───── MATERIAL PROVIDED ─────

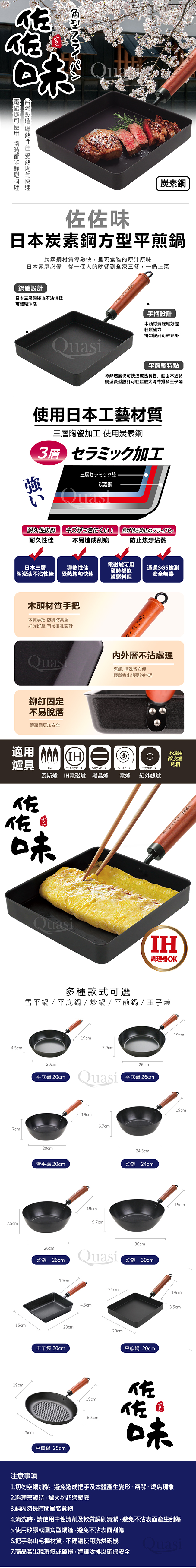 【Quasi】日式佐佐味碳鋼不沾方型平煎鍋20x21cm_2652086
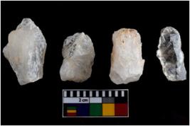 | Description / विवरण | There are n-4 of intact utilized flakes made up of Quartz. Some of them have bulge of percussion and some are flat flakes. |
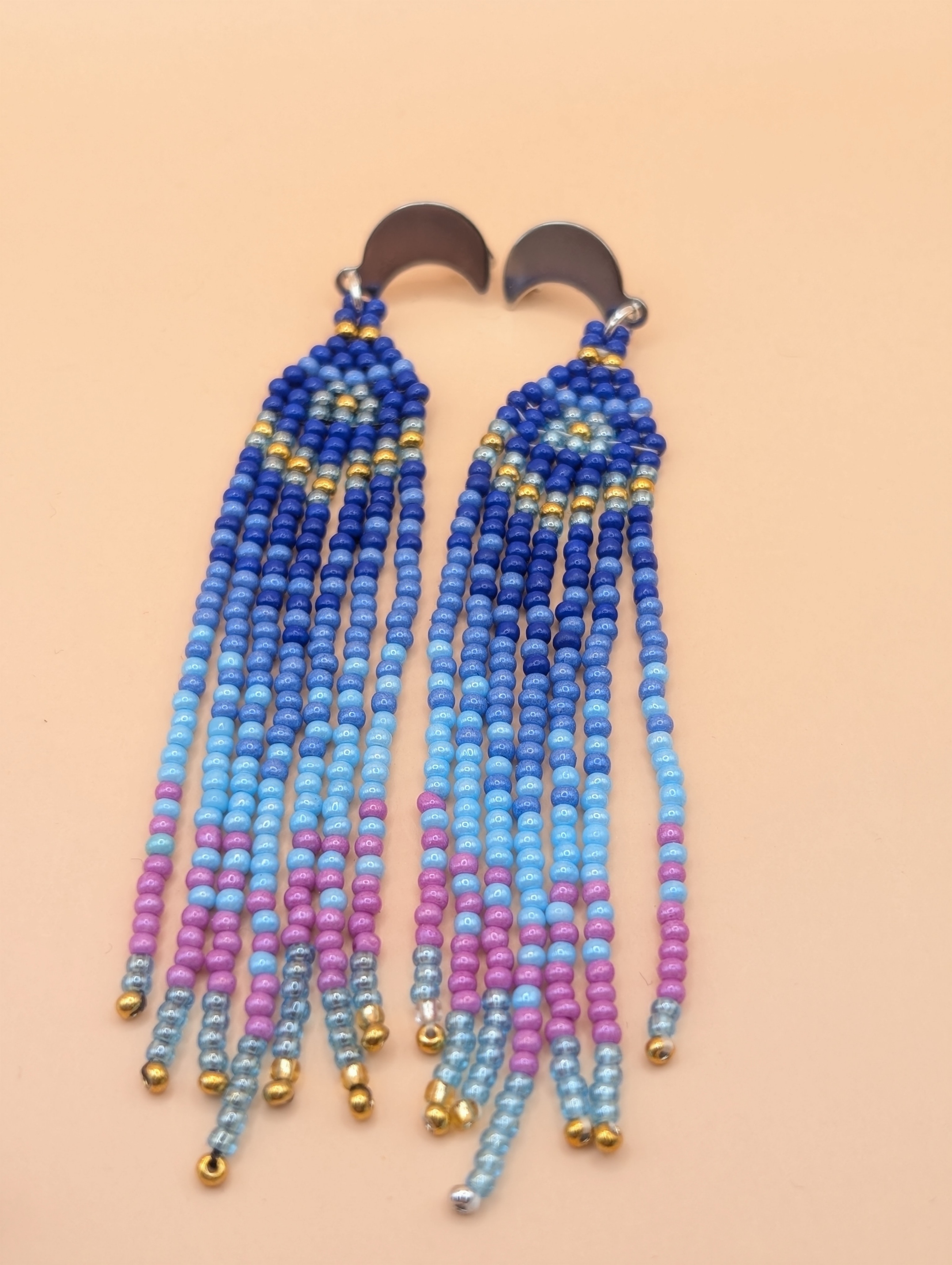 Diese handgefertigten Perlenohrringe im Boho Stil vereinen kunstvolle Handarbeit mit modernen Farben. Das harmonische Farbspiel aus dunklem Blau, Türkis, Rosa und goldenen Akzenten verleiht den Ohrringen eine besondere Eleganz und einen lebendigen Look.
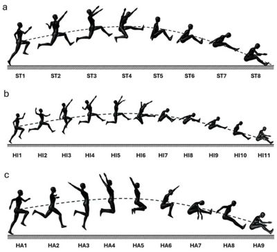 - Stride: Jumpers lift one of their legs into a toe-touching position after takeoff.
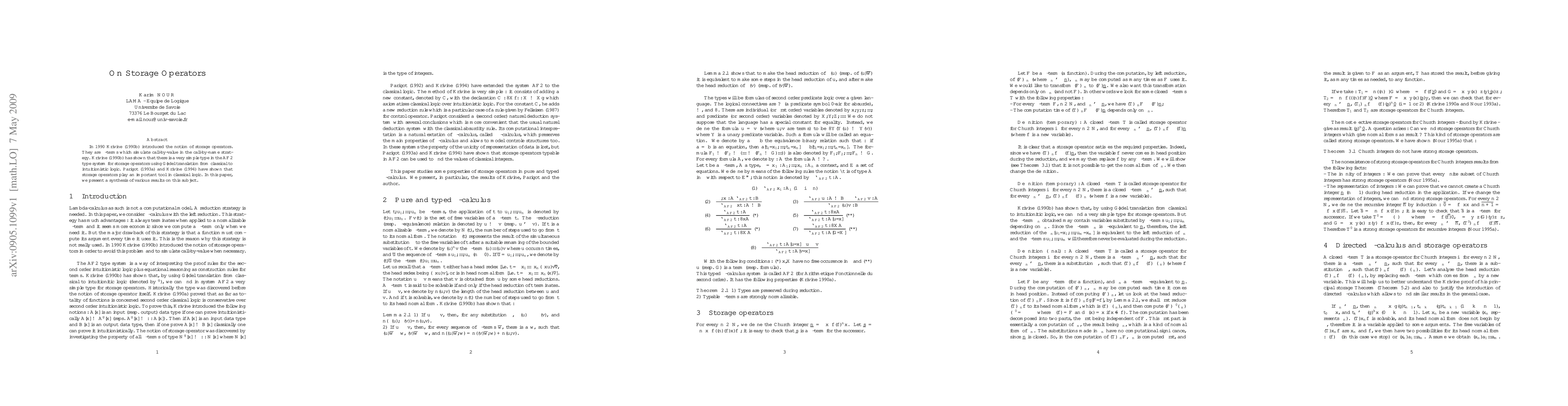 In 1990 Krivine introduced the notion of storage operators. They are $\lambda$-terms which simulate call-by-value in the call-by-name strategy. Krivine has shown that there is a very simple type in the AF2 type system for storage operators using G\"odel translation from classical to intuitionistic logic. Parigot and Krivine have shown that storage operators play an important tool in classical logic. In this paper, we present a synthesis of various results on this subject.
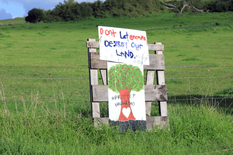 The protest against the Ihumātao housing development started five years ago with Pania Newton and her cousins around a kitchen table. They are refusing to relinquish land that was ‘confiscated’ in 1863 after mana whenua refused to pledge allegiance to the Crown in the war against Waikato iwi. As she guides the guests around the Ihumātao lands, Newton explains that it’s not just a fight for the land itself, but a fight for justice, history, recognition and feminism.
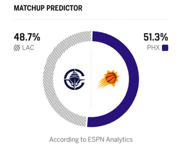 反观太阳,近期迎来3连胜,赛前以30胜19负的战绩排在西部第7,虽然球队交易杜兰特,买断了比尔,得到的杰伦格林长期缺阵,但是狄龙的加盟彻底激活球队的防守体系,加上阿伦、奥尼尔都打出3D属性,太阳反而成为西部的黑马球队。此役伤病方面,布克、格林继续缺阵,快船这边琼斯、华盛顿因伤缺阵,哈登也因为个人原因缺席比赛,桑德斯进入首发替代哈登。ESPN认为太阳近期状态火热,快船缺少哈登后赢球概率只剩48.7%。
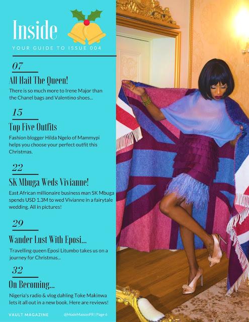 It has chair gripping stories on fashion trends for this season, highlights of Toke Makinwa's book and more lifestyle bits and tips! It also features AFRIMA nominee; Montess.
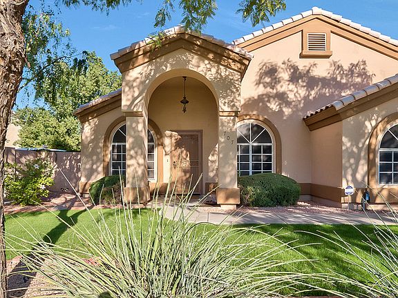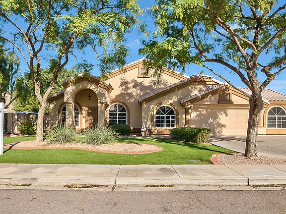 Pride of ownership here folks! BASEMENT home, 4BR+ den/3BA. Superior floor-plan with lower level bedroom and full bath. Separate living & family rooms and master bedroom, den + 2-bedrooms on the main level. Upgraded kitchen with quartz stone counters, stainless steel gas appliances, oakwood cabinetry and service island. Vaulted ceilings, ceiling fans, new carpet and fresh new paint throughout! 2-Car EXPANDED garage with added storage area for all your seasonal storage needs, bikes & toys... Beautiful landscaping with mature shade trees, grass in the front & back, fire-pit and a swimming pool to stay cool during the summer months. Truly a home for entertaining! NO NEIGHBORS behind you, conveniently located in Mesa near the 60 & Red Mountain 202 freeway.
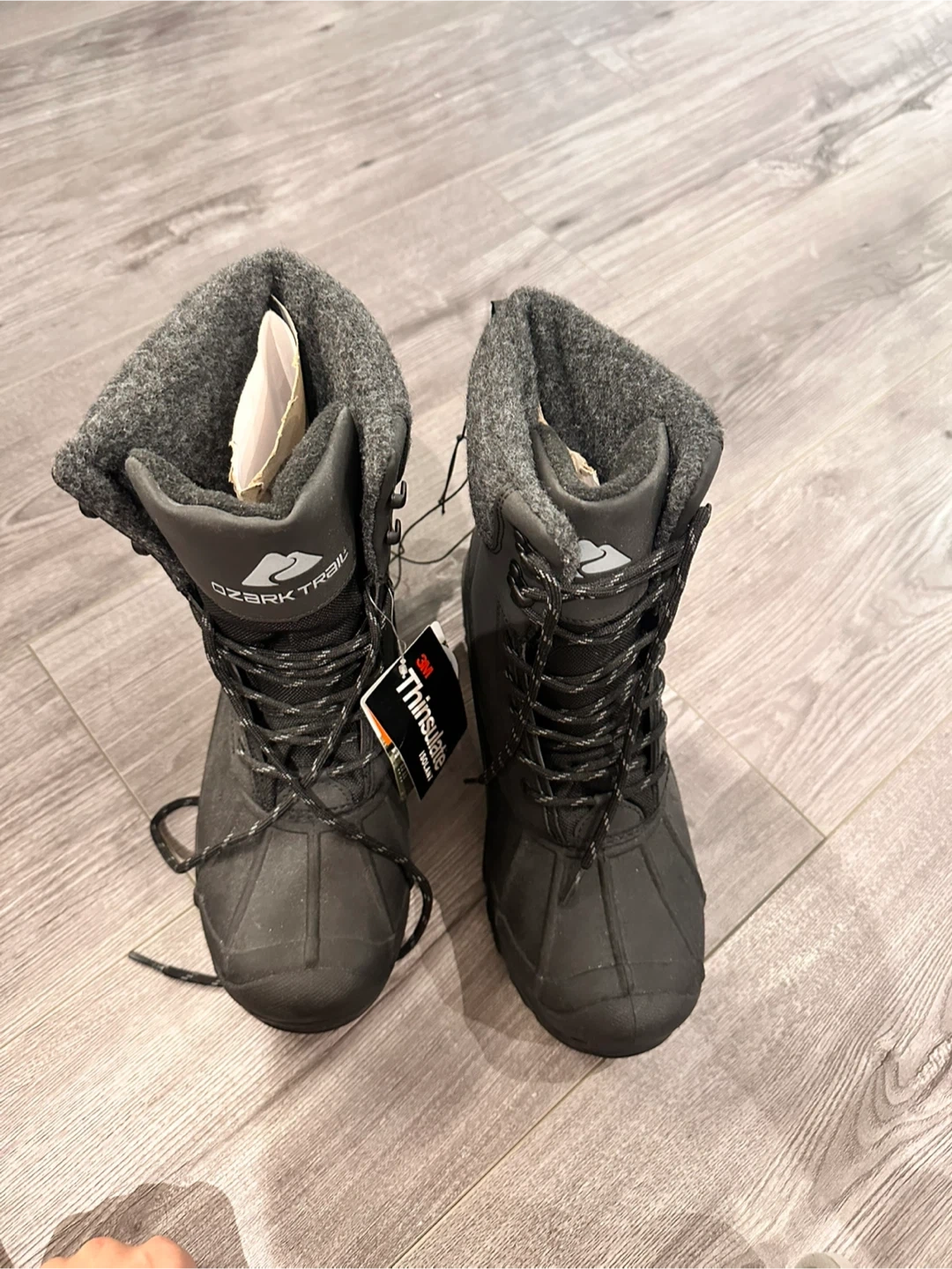 Selling a pair of Ozark Trail winter boots in size 9. They feature 3M Thinsulate insulation to keep your feet warm and cozy during the colder months. These boots are perfect for outdoor activities and snowy weather.
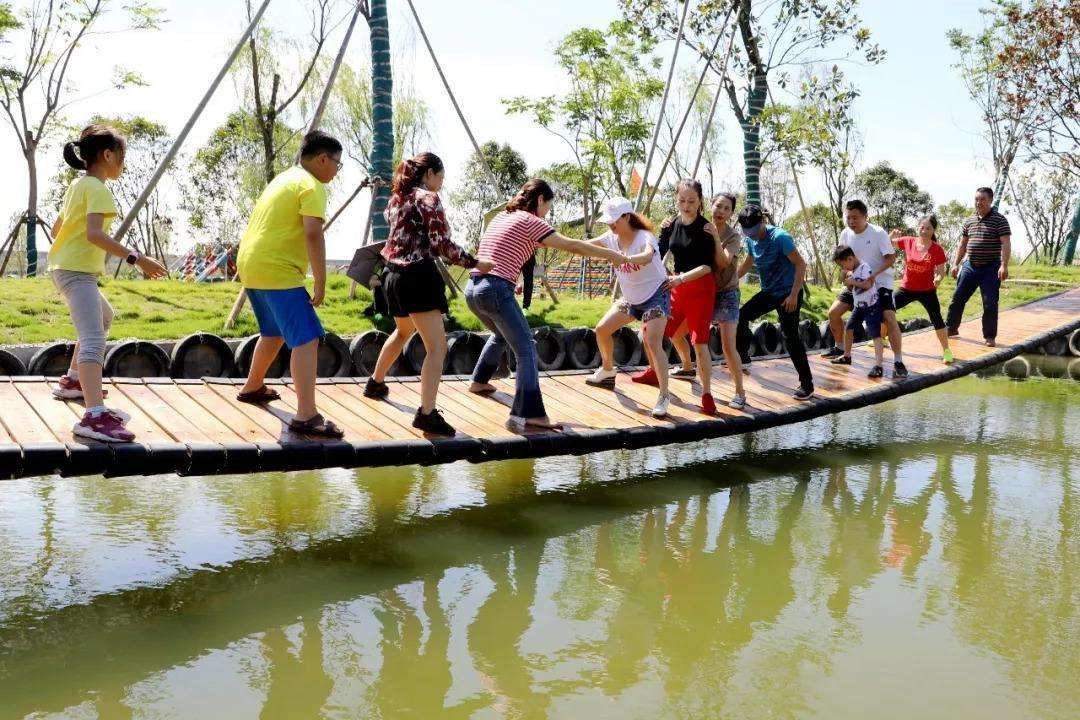 抖音大赛全民参与,网红桥上笑声不断。湿地公园特意打造了在抖音上爆火的晃桥两处,让游客亲身体验一把“网红桥”的惊险、刺激。
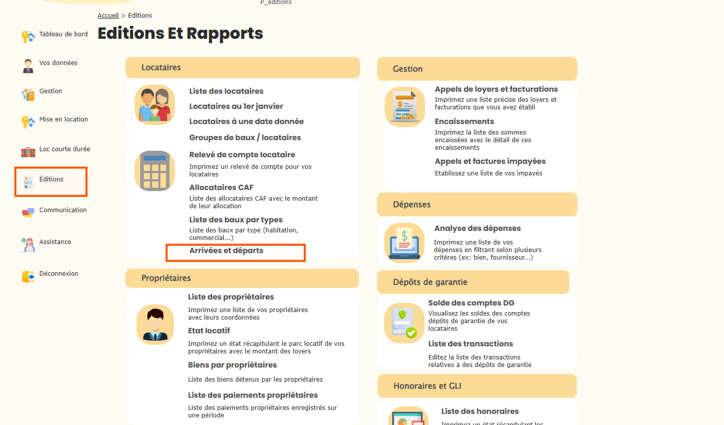 Il faut aller dans le menu Editions > Locataires > Arrivées et Départs

─────

▶ DIRECTIONS: Using the entries above, transcribe exactly from the line that has "反观太阳,近期迎来3连胜,赛" through the line that has "Pride of ownership". Pictures are dropped.

▶ SOLUTION:
 反观太阳,近期迎来3连胜,赛前以30胜19负的战绩排在西部第7,虽然球队交易杜兰特,买断了比尔,得到的杰伦格林长期缺阵,但是狄龙的加盟彻底激活球队的防守体系,加上阿伦、奥尼尔都打出3D属性,太阳反而成为西部的黑马球队。此役伤病方面,布克、格林继续缺阵,快船这边琼斯、华盛顿因伤缺阵,哈登也因为个人原因缺席比赛,桑德斯进入首发替代哈登。ESPN认为太阳近期状态火热,快船缺少哈登后赢球概率只剩48.7%。
 It has chair gripping stories on fashion trends for this season, highlights of Toke Makinwa's book and more lifestyle bits and tips! It also features AFRIMA nominee; Montess.
 Pride of ownership here folks! BASEMENT home, 4BR+ den/3BA. Superior floor-plan with lower level bedroom and full bath. Separate living & family rooms and master bedroom, den + 2-bedrooms on the main level. Upgraded kitchen with quartz stone counters, stainless steel gas appliances, oakwood cabinetry and service island. Vaulted ceilings, ceiling fans, new carpet and fresh new paint throughout! 2-Car EXPANDED garage with added storage area for all your seasonal storage needs, bikes & toys... Beautiful landscaping with mature shade trees, grass in the front & back, fire-pit and a swimming pool to stay cool during the summer months. Truly a home for entertaining! NO NEIGHBORS behind you, conveniently located in Mesa near the 60 & Red Mountain 202 freeway.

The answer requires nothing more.